Discussion in 'Scripting' started by petizero, Sep 11, 2019.

  1. petizero

    petizero

    Joined:
    Jan 1, 2019
    Posts:
    11
    Basically i have two sprites and i give the first one a random color, and i want the second color to be the same just with a darker tone is there any way to do that?

    This is the script i use to give the first sprite a color

    using System.Collections;
    using System.Collections.Generic;
    using UnityEngine;

    public class changecolor : MonoBehaviour
    {
    public SpriteRenderer SpriteRenderer;
    void Start()
    {
    if (SpriteRenderer != null)
    {
    Color newColor = new Color(
    Random.value,
    Random.value,
    Random.value
    );


    SpriteRenderer.color = newColor;

    }

    }

    // Update is called once per frame
    void Update()
    {

    }
    }
     
  2. StarManta

    StarManta

    Joined:
    Oct 23, 2006
    Posts:
    6,662
    Use code tags, it's the first sticky on the forum.

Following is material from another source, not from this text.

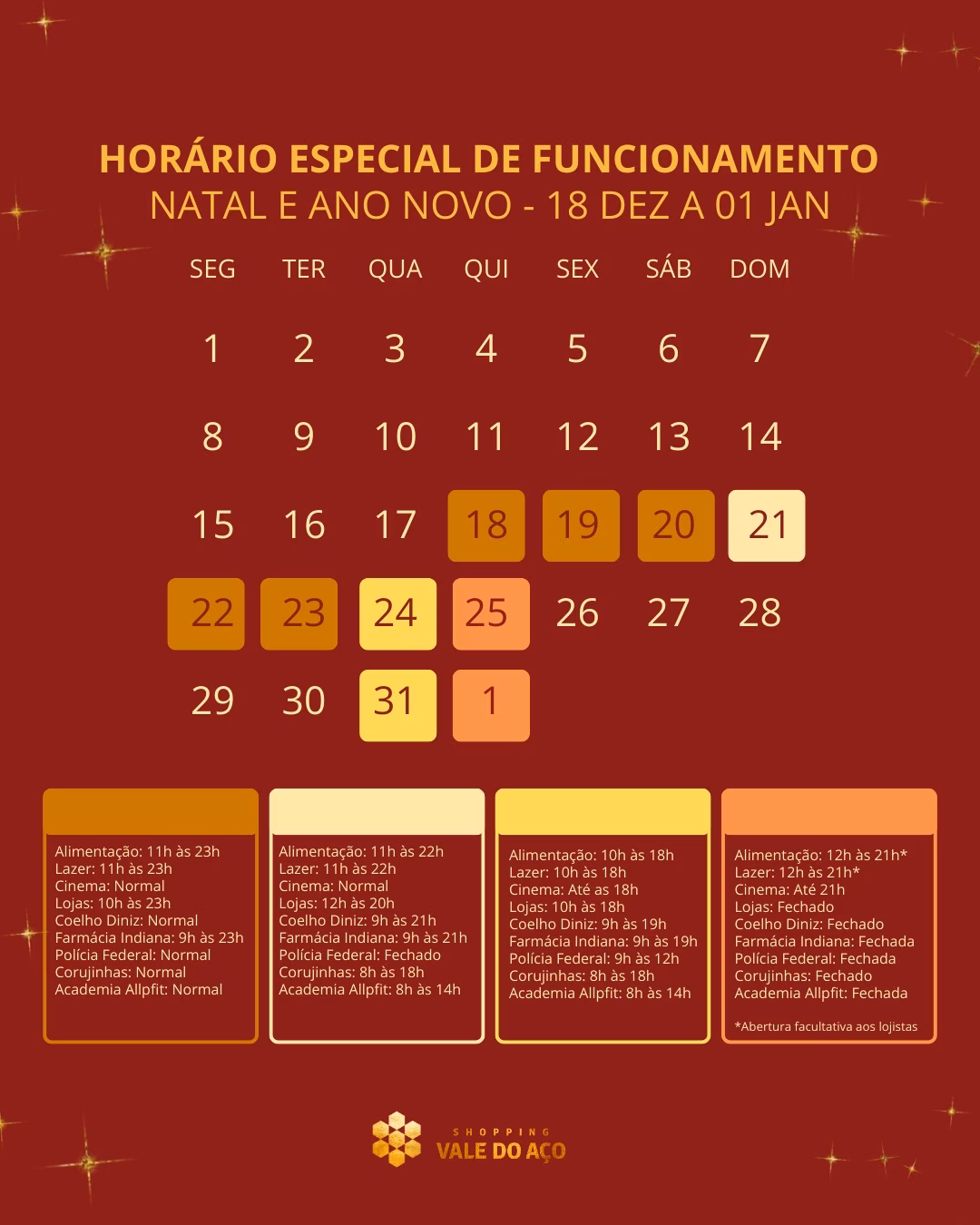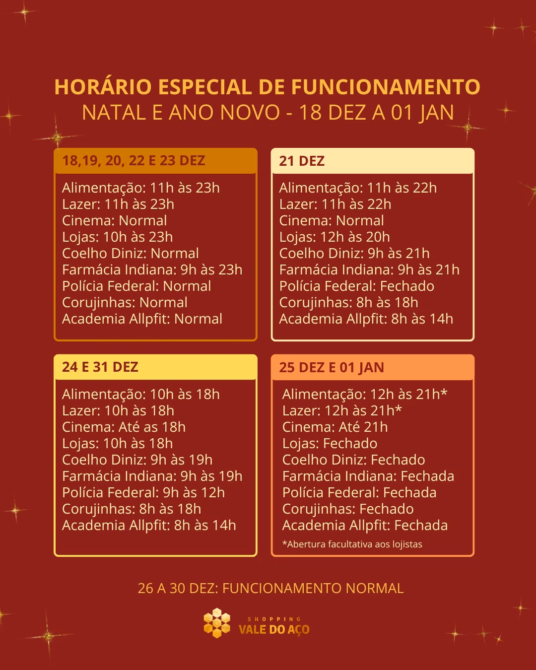Em Ipatinga, as lojas funcionarão das 9h às 20h nesta quinta (18/12) e na sexta-feira (19/12); das 9h às 17h no sábado (20); das 9h às 13h no domingo (21); e novamente das 9h às 20h na segunda (22) e na terça-feira (23). Na véspera de Natal, quarta-feira (24), o funcionamento será no horário normal de cada estabelecimento.

    You can make a darker color something like this:
    Code (csharp):
    1. float someMultiplier = 0.5f;
    2. Color darkerColor = new Color(newColor.r * someMultiplier, newColor.g * someMultiplier, newColor.b * someMultiplier);
     
  3. petizero

    petizero

    Joined:
    Jan 1, 2019
    Posts:
    11
    Sorry about that im quite new to unity

    By the way the sprites i use are two different ones which have two different sprite renderers
    so how do i make a reference from the first script to the second?
     
  4. StarManta

    StarManta

    Joined:
    Oct 23, 2006
    Posts:
    6,662
    You can just have a second public SpriteRenderer reference. (By the way: it's strongly discourage to use the class name as the variable name; this can cause not only confusion but also compile issues, as the compiler will have to work out whether you're referring to a class function or a function on an instance.) A common standard in Unity, if you do want the variable to have the same name, is to use UpperCase for the class name vs camelCase for variable names.
    Code (csharp):
    1. public SpriteRenderer spriteRenderer;
    2. public SpriteRenderer spriteRendererDarker;
    3.  
    4. void Start() {
    5. // blah blah
    6. spriteRenderer.color = newColor;
    7. spriteRendererDarker.color = darkerColor;
    8. }
     
  5. petizero

    petizero

    Joined:
    Jan 1, 2019
    Posts:
    11
    Thaaaaaaaaaaaaaaaaaaaaaaaaaaaaaaaaaaaaaaaaaaank you!
     
  6. Dameon_

    Dameon_

    Joined:
    Apr 11, 2014
    Posts:
    529
    Not to derail, but the compiler has no problem using context to figure out which you mean. I've never broken the compiler by naming my variables the same name as the class they implement. If you're using an IDE, there should be no confusion when reading, because it should be colored differently based on what it refers to.